A whisk, a wooden spoon and a mixing bowl.

I have spent a bit of time in the kitchen over the past two weeks (there’s a surprise!) and I was wondering to myself how much things have changed since my grandmother’s time. 

A recipe for healthy eating, I am told, is never to eat anything your grandmother wouldn’t recognise. This may steer you away from turkey twizzlers and highly processed foods, but I don’t believe that their diet was all that healthy although they ate a good deal less and walked a good deal more.

However, I was thinking more about the kitchen equipment.  I have no idea what it was like when my grandmother was first married at the end of WW1 but I do have vivid memories of her kitchen and my mother’s when I was a child.

The things I recognise are the wooden spoon, colander, sieve, grater, whisk, slotted spoon, mixing bowls amongst others – all used frequently over the holidays.  I do remember the agonies of the hand beater, which formed part of my kitchen equipment when I started off – now it has been overtaken by a variety of electric mixers and beaters.  My grandmother and mother both had Sunbeam Mixmasters, which were used for whipped cream, egg whites and cakes, but my most used piece of equipment is definitely the food processor.

A New Year’s present from Number One Husband’s brother was a file of handwritten recipes from their mother who was a superb baker.  Whenever she came to London to stay she would copy out their favourite recipes and bring them.  I have quite a number of them already but missing (but now found) was the one for caramel shortbread – known here as Millionaire’s Shortbread.  I have found a similar recipe but nothing is the same as the one you ate as a child.
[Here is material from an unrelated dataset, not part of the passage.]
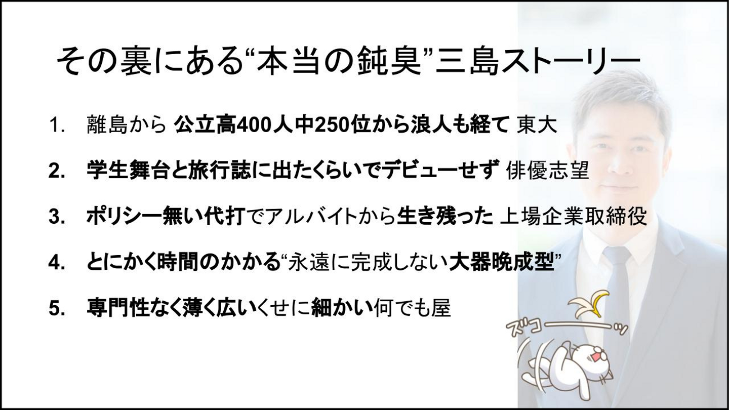 ここまで話して、離島から東大へ進学して就職せず俳優を目指し、アルバイトで入社して、現在の取締役、と...僕のプロフィールを見ていくとすごくカッコ良く見えるかもしれないのですが、本当はすごく鈍臭いタイプの人間です。まさかここで?みたいなところで転んじゃうようなタイプ。本当に。なので、今日は裏側のライフストーリーも紹介したいなと思います。

I wouldn’t want you to think all the childhood memories in the family only revolve around food (you wouldn’t be entirely wrong) and certainly my children have very fond memories of arriving in Cape Town to stay with Granny and the curved sideboard that was full of tins of biscuits – each type in a different tin.  Now that I am not working full time I have the time and the inclination to do the same – making biscuits is very relaxing and almost without exception all the recipes are hers.  Some new ones to experiment with once the tins are empty!